Though bran muffins may seem boring and conjure the feeling of eating cardboard, I promise these are not those muffins. These are different. These bran muffins are wholesome and hearty due to the bran + whole wheat flour but slightly sweet because molasses and honey marry so well together. Studded with tart cherries and sliced almonds with a bit of a sugar crunch added to their tops, these muffins are a great way to start the day, or in our case, the year. Add a schemer of cream cheese and you’re set!

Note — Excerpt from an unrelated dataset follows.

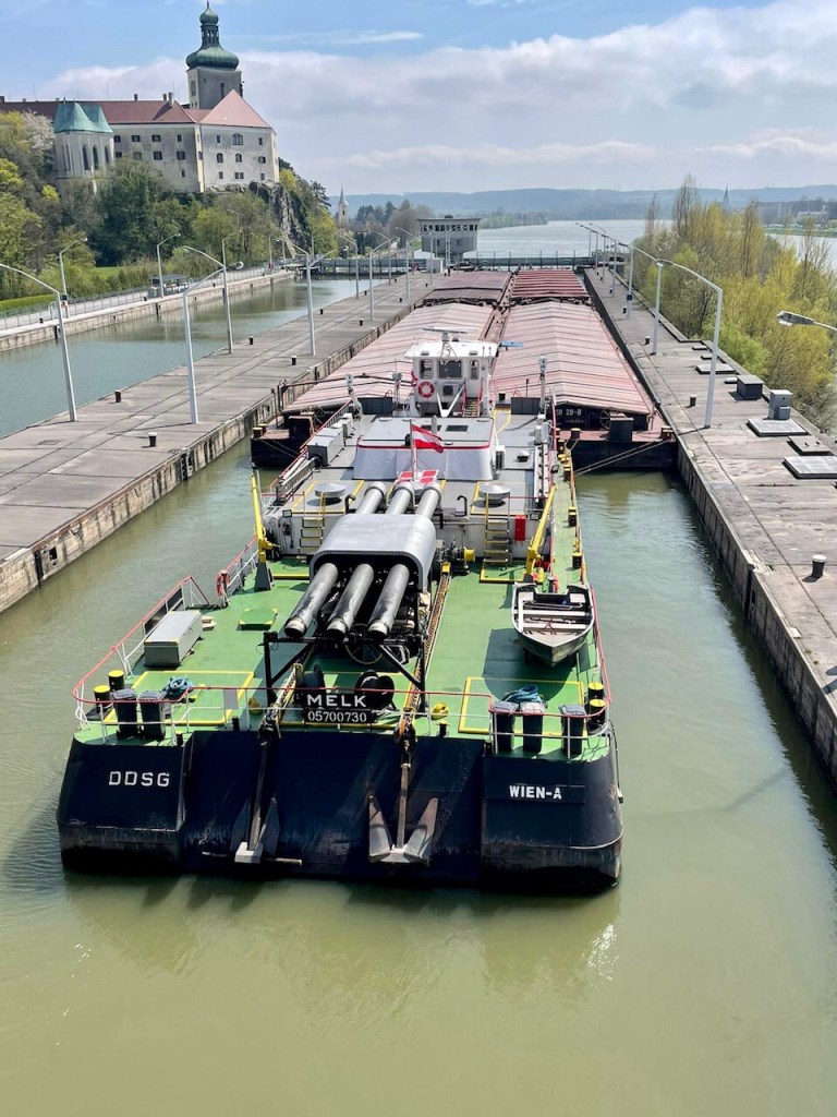 Schloss und Hafen Grein grüßen auf der linken Seite. Bisher war die Donau friedlich, doch jetzt kommt Wind auf und schickt uns hohe Wellen. Wir kämpfen uns vorwärts durch die Wogen und erreichen die Schleuse Persenbeug. Ein großer Schubverband bekommt Vorfahrt. Er beansprucht die ganze Schleuse – wir müssen warten.

cherry-almond bran muffins
(makes 12-13 muffins)
- 1 cup wheat bran
- 1 1/2 cups whole wheat pastry flour
- 1 tsp baking powder
- 1 tsp baking soda
- 1/2 tsp fine grain sea salt
- 3/4 cup dried tart cherries, chopped
- 1/2 cup slivered almonds
- 1 cup whole milk
- 3 tbs honey
- 1/2 cup molasses (I used blackstrap)
- 2 eggs, beaten
- 1/2 cup applesauce
- 2 tbs oil (I used sunflower)
- 1 tsp vanilla extract
- 1/2 tsp almond extract
- 1-2 tbs turbinado sugar for topping
Preheat oven to 400°.
In a medium bowl, whisk together wheat bran, flour, baking powder, baking soda and salt. Stir in cherries and almonds until coated with teh flour mixure.
In a separate bowl, whisk together the wet ingredients: milk, honey, molasses, eggs, applesuace and oil.
Pour the wet ingredients into the dry ingredients and stir together with a wooden spoon until fully combined.
Line or grease a large muffin tin and fill evenly between the 12 spots. Dust the tops of each muffin with a scant sprinkling of turbinado sugar.
Bake for 12-15 minutes until a toothpick comes out clean.
(adapted from Food52)
**Cherries can certainly be subbed out for your favorite dried fruit and the almonds aren’t vital either. I enjoy cherry + almond flavors, feel free to customize any way you please.